I know the forum is more for Bruce and Adrian’s solo stuff but I figured there might be some good opinions here. I’ve known about Bayley’s solo work for a while now, and listened to Silicon Messiah for the first time a few months ago. It was quite good, but not on the same level as what I felt listening to Accident of Birth the first time. Today tho I had some downtime and decided to try out his album trio Infinite Entanglement and I was blown away. The Blaze on there is a world apart from his work on Iron Maiden, and while I like him there I must say it is a significant improvement imo. I know he is somewhat controversial in Maiden circles so I thought it would be neat to hear your opinions, esp how he stacks up to Bruce.
I really like Blaze’s two records with Maiden, I find them underrated and he fits the sound of the band at the time. I really liked his solo career when I listened to it a few years ago, but I need to properly come back to those albums again to see how they stack up today. I haven’t even listened to War Within Me yet.
I did spin Silicon Messiah earlier this year, and that’s still a banger album. I agree that it’s not up to the level of Bruce’s best — a couple tracks are a bit filler-y, like “Reach for the Horizon” and “The Launch” — but the rest are awesome, especially “Identity” (often overlooked) and “Stare at the Sun”, basically Blaze’s “Hallowed”. I would take this album over Tattooed Millionaire and Balls to Picasso no doubt, and it’s probably better than anything Adrian did outside of Maiden.
(I moved this topic into the Other Music category because that seemed like the best place for it.)
I’m not personally a fan of Blaze’s two albums with Iron Maiden — he struggled to stay on key, and the songwriting wasn’t very good in general. I did really like “Blood On The World’s Hands”, though, and “Futureal”, “Sign Of The Cross”, and even “2 A.M.” were pretty good, but that was about it for me.
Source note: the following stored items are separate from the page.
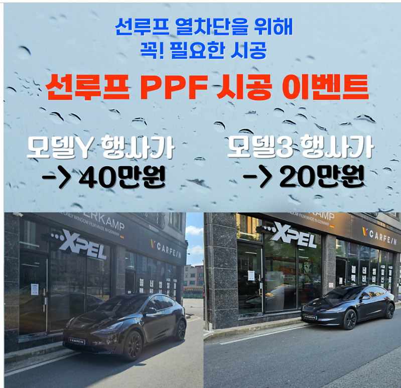 요즘 대세 테슬라 모델Y 썬루프 PPF (카페인W 대전점에서 이벤트 진행중)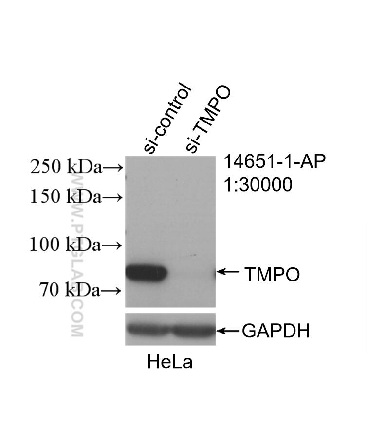 14651-1-AP targets TMPO/LAP2 in WB, IHC, IF/ICC, IP, ELISA applications and shows reactivity with human, mouse, rat samples.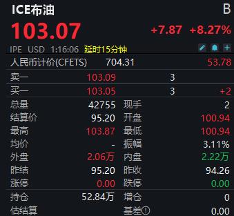 截至发稿,WTI原油期货价格较前上涨了8.13%,达到104.42美元/桶;布伦特原油期货价格则上涨了8.27%,报103.07美元/桶。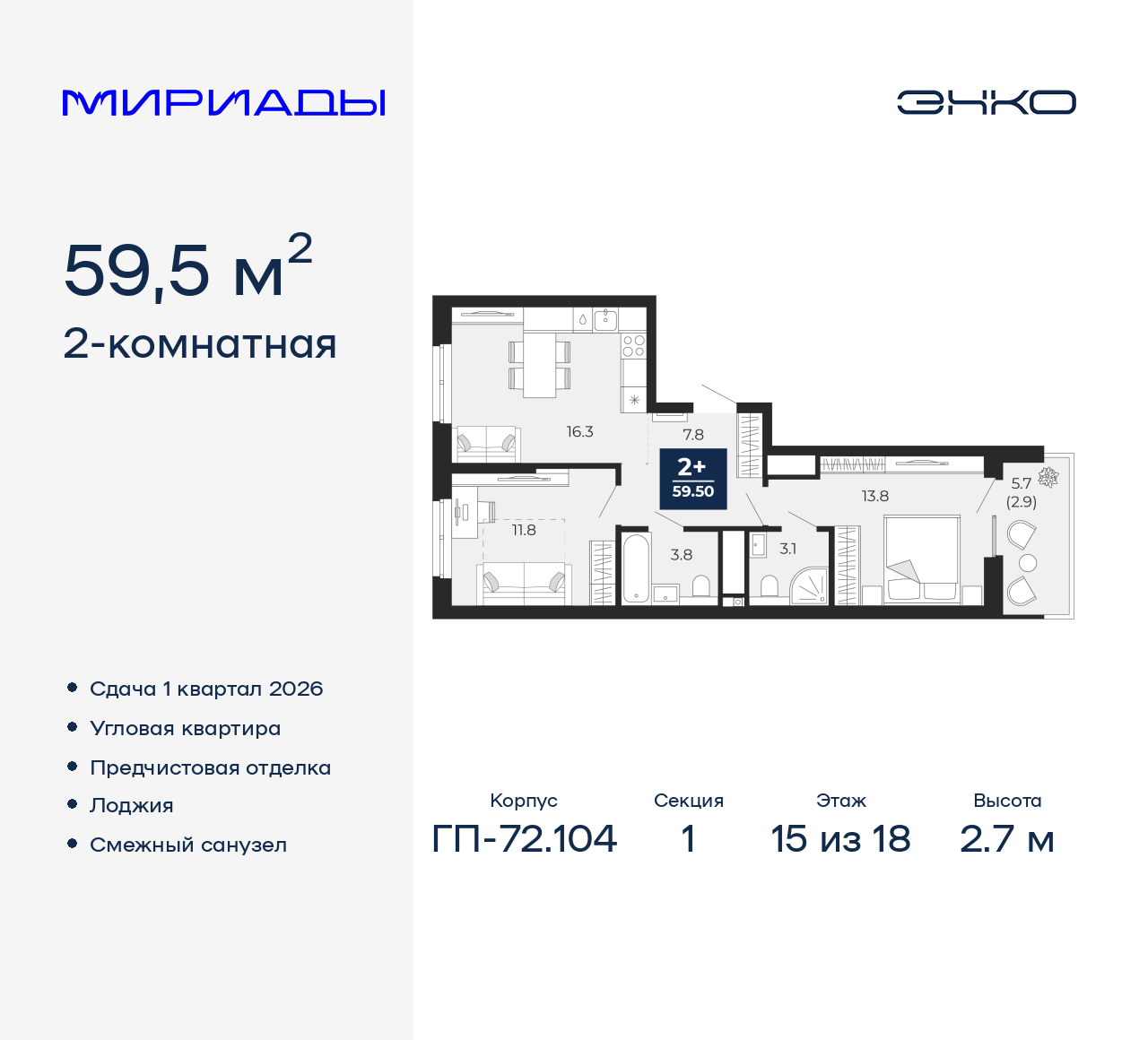 - Общая площадь 59.5 м²
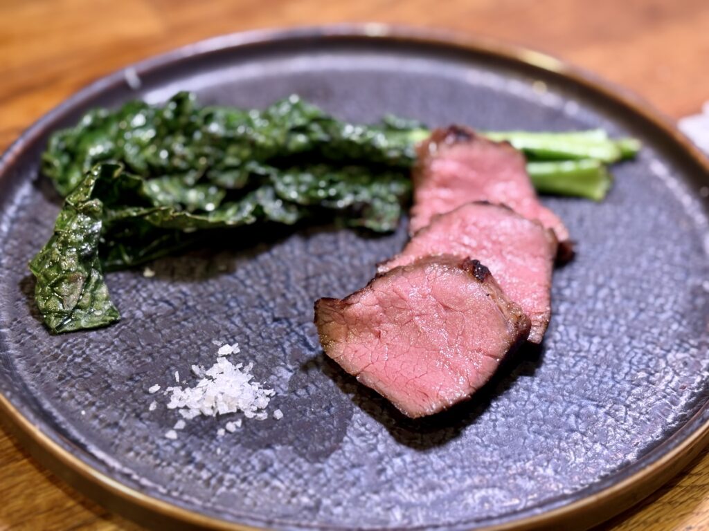 - 仔牛は低温調理で芯を作り、焼きは一瞬だけ
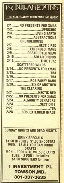 A rough chronology Dulaney Inn ('75-80), Backstreets Cafe ('86), Dulaney Inn ('88+)... 1970 1977 1979 1990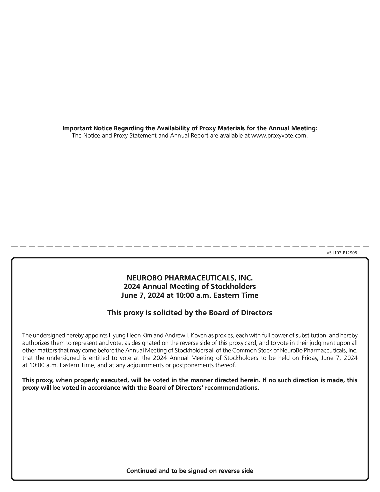 | • | Vote by mail - complete, sign and date the accompanying proxy card and return it as soon as possible before the Annual Meeting in the envelope provided. If the postage-paid envelope is missing, please mail your completed proxy card to the attention of our Secretary, NeuroBo Pharmaceuticals, Inc., 545 Concord Avenue, Suite 210, Cambridge, Massachusetts 02138.  |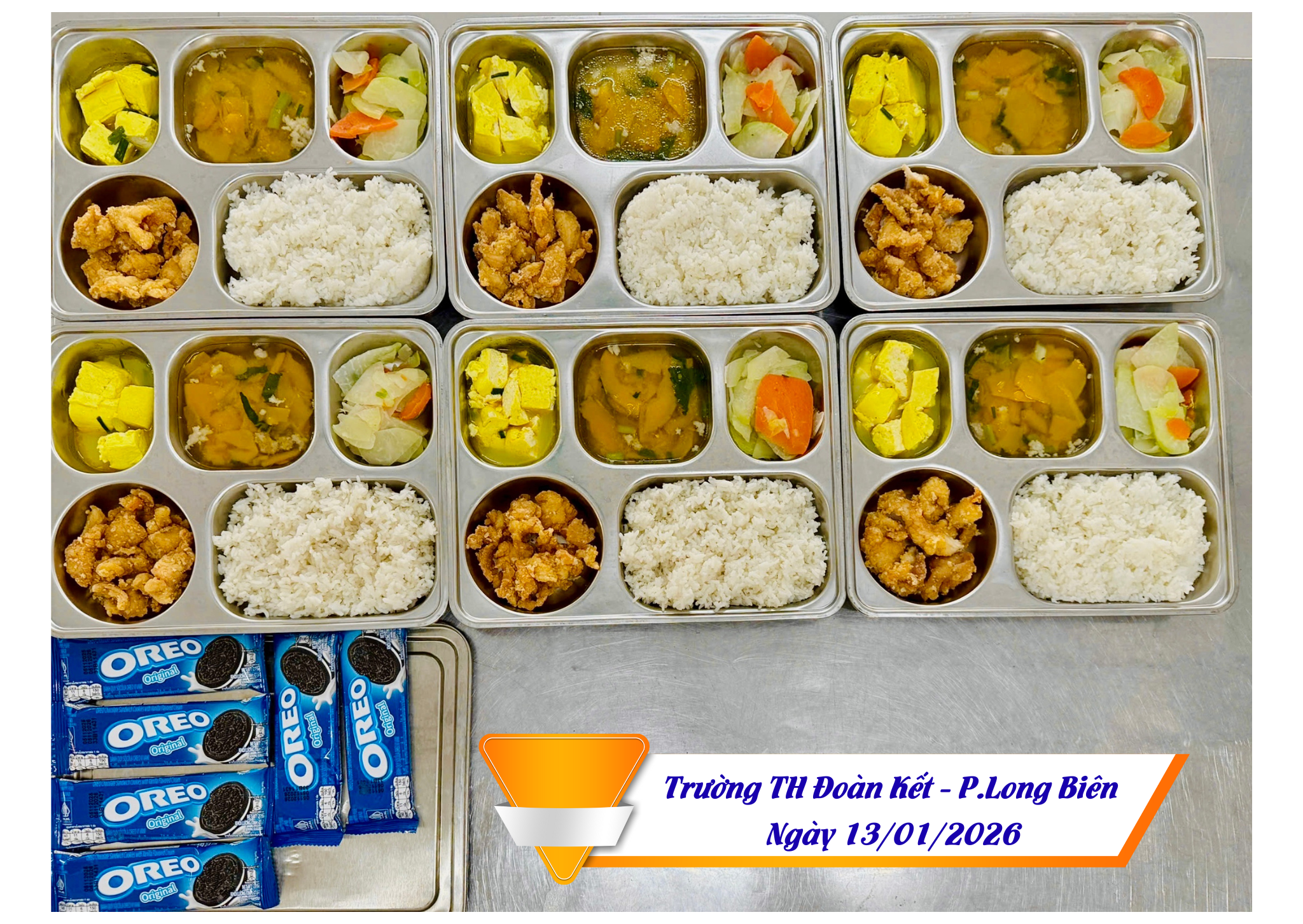 Hình ảnh suất ăn ngày 13/01/2026 của HS trường TH Đoàn Kết, phường Long Biên, HN

As far as his solo work goes, it’s a very mixed bag. I’m not really a fan of Silicon Messiah, unlike most people, though I do think Tenth Dimension and Blood & Belief are pretty good. I love the music on The Man Who Would Not Die and Promise And Terror, but Blaze’s performances on those two albums are really uneven, with lots of whiffed notes and timbre problems. The King Of Metal is a steaming pile of shit, full stop. The Infinite Entanglement trilogy was much better, since it sounded like Blaze finally got some vocal coaching and his backing band sounds like a B-league Gamma Ray, which is a good thing in my book. I haven’t really listened to War Within Me yet.
In short, I think there’s some good stuff to be found on his solo records, but not a lot of great stuff, and there are lots of clunkers in there too.
To be a devil’s advocate for a moment, I feel like Related Bands is a better category, since Blaze is related to Bruce and Adrian through Iron Maiden. Could also springboard some British Lion discussion in there, too.
I see what you’re saying, but Bruce and Adrian never overlapped with Blaze in Maiden, and Blaze doesn’t have any connection at all to their solo work (and neither does British Lion).
I was viewing Related Bands as only having one degree of separation from Bruce & Adrian’s solo work, if that makes sense. A place where people could talk about and discover other projects by people involved in their solo efforts, like Roy Z.'s Tribe Of Gypsies, Andy Makin’s Nine Miles Down, Sack Trick, Skin, etc. Janick’s other projects would be fair game there too. And it seemed like the right place to put Bruce & Adrian’s side project, Iron Maiden.
Let’s see how it shakes out over time, and if people feel like that’s not a useful distinction and would rather lump all the Maiden-related side projects in there too, we can make that decision down the road.
An interesting note about this – I’m pretty sure Blaze got the idea to do an album trilogy because he was asked to sing on a track for Geoff Tate’s Operation: Mindcrime project, which was doing a (you guessed it) three-album story concept at the time.
Tate’s Operation: Mindcrime albums were all recorded around the same time in late 2014 (including Blaze’s guest appearance), but were released yearly afterward:
- The Key (2015)
- Resurrection (2016)
- The New Reality (2017)
The song Blaze appeared on (along with Tim “Ripper” Owens) was “Taking On The World”, from the second album Resurrection:
Blaze, Tate, and Owens even went on a tour together in 2016 called “Trinity” (which was especially sad because that was originally going to be the name of a project including Bruce, Rob Halford, and Tate that would have included songs like “A Tyranny Of Souls” and “The One You Love To Hate”, with vocal parts for all three of them; but instead it turned into a tour with the ex-singers of those three bands instead!)
Anyway, given Blaze’s participation in Tate’s project in late 2014, I’m pretty sure that’s what inspired him to do Infinite Entanglement as a trilogy, and then he toured the first album on the Trinity tour to bring it full circle.
By the way, those Operation: Mindcrime albums are actually pretty interesting. Kind of uneven, but generally good, and the story’s interesting too. The music is definitely not metal, though – it’s occasionally heavy prog-rock that gets more synthy as the albums progress.